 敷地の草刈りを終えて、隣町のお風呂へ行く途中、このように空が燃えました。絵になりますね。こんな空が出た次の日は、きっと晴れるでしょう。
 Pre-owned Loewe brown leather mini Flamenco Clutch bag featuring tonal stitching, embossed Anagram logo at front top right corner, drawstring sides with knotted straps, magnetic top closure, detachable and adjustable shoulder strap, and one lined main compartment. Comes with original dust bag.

........

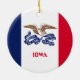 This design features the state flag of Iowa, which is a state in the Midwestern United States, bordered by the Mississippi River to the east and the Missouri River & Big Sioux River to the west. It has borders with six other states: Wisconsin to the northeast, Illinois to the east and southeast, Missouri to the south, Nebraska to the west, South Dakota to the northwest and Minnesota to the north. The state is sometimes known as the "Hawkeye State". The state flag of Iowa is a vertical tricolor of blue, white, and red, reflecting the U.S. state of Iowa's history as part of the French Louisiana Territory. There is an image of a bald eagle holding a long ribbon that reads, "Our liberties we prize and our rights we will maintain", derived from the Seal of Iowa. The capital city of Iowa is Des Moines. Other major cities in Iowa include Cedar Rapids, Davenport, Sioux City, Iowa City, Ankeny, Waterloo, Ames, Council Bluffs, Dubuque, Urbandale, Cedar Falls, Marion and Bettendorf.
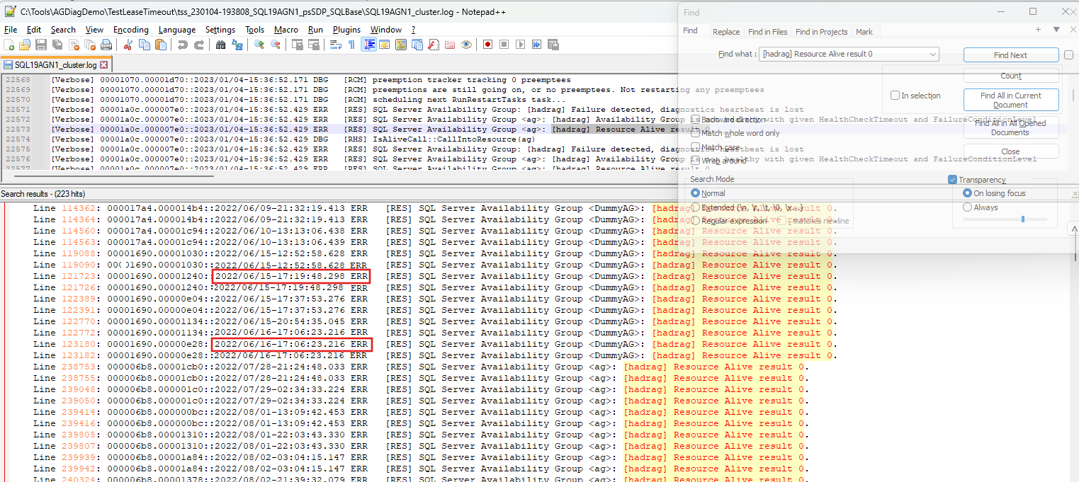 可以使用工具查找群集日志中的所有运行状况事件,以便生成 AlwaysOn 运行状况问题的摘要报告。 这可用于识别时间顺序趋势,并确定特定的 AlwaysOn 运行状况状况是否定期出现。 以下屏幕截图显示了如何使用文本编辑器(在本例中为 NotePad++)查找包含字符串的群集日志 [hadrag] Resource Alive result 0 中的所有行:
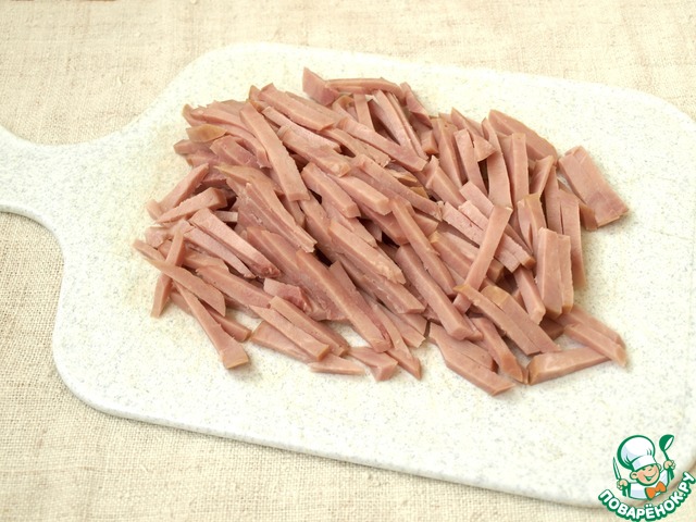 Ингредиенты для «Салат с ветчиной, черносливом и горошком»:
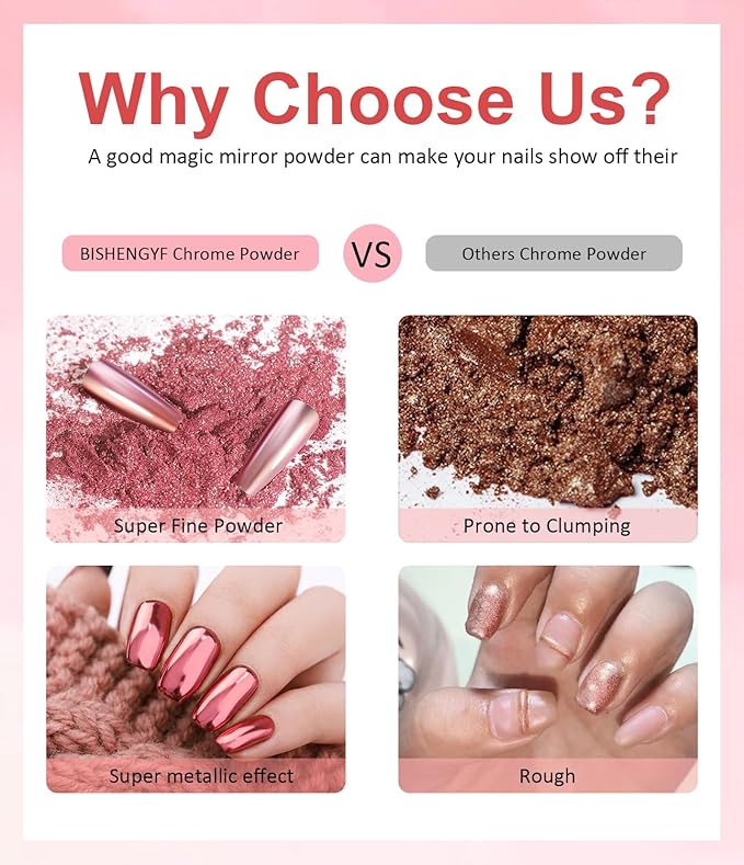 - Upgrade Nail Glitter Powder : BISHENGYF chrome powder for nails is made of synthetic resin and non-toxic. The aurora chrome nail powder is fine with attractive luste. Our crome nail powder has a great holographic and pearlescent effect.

........

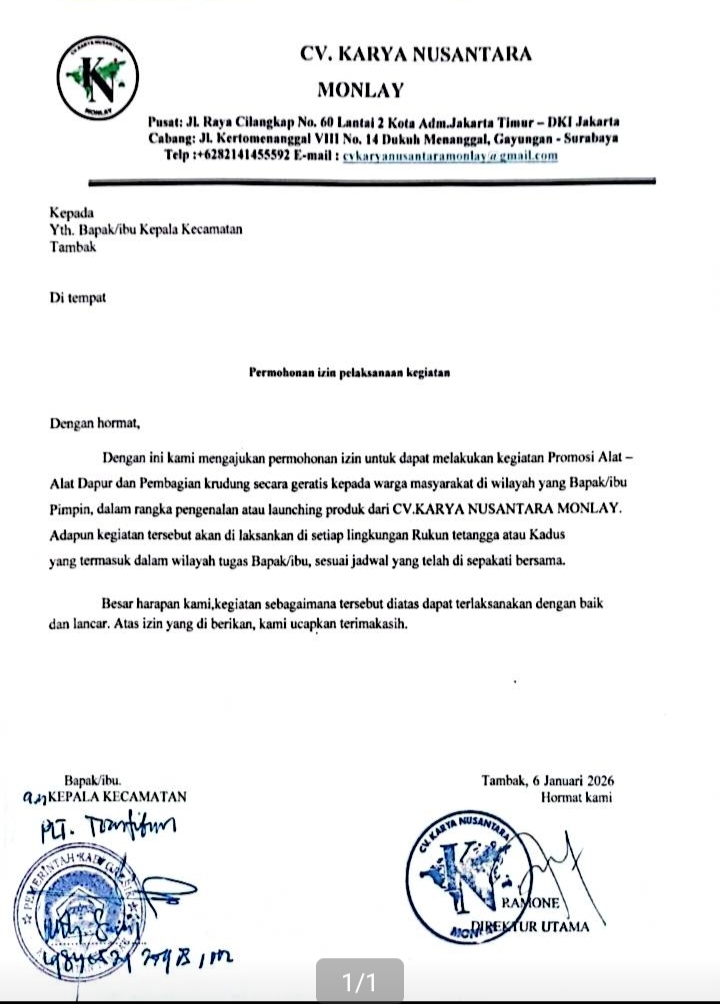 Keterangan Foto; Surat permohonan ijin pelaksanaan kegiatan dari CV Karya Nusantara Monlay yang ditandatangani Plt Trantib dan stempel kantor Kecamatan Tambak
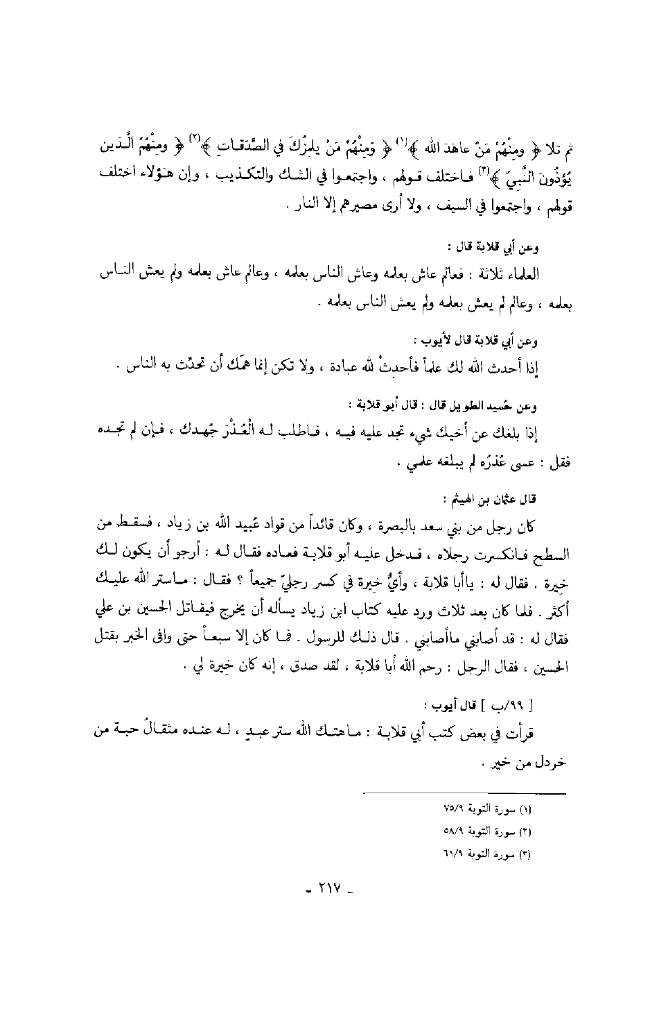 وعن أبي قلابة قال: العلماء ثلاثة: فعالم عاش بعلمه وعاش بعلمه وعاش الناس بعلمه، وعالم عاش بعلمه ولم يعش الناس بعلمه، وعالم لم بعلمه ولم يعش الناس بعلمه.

........

▶ Aim of the task
Print, exactly, each line above from the one with "可以使用工具查找群集日志中的所有运行状况事件,以便生成 AlwaysOn 运行状况问题的摘要报告。" to the one with "- Upgrade Nail", end lines included. Leave pictures out of it.

▶ Response
 可以使用工具查找群集日志中的所有运行状况事件,以便生成 AlwaysOn 运行状况问题的摘要报告。 这可用于识别时间顺序趋势,并确定特定的 AlwaysOn 运行状况状况是否定期出现。 以下屏幕截图显示了如何使用文本编辑器(在本例中为 NotePad++)查找包含字符串的群集日志 [hadrag] Resource Alive result 0 中的所有行:
 Ингредиенты для «Салат с ветчиной, черносливом и горошком»:
 - Upgrade Nail Glitter Powder : BISHENGYF chrome powder for nails is made of synthetic resin and non-toxic. The aurora chrome nail powder is fine with attractive luste. Our crome nail powder has a great holographic and pearlescent effect.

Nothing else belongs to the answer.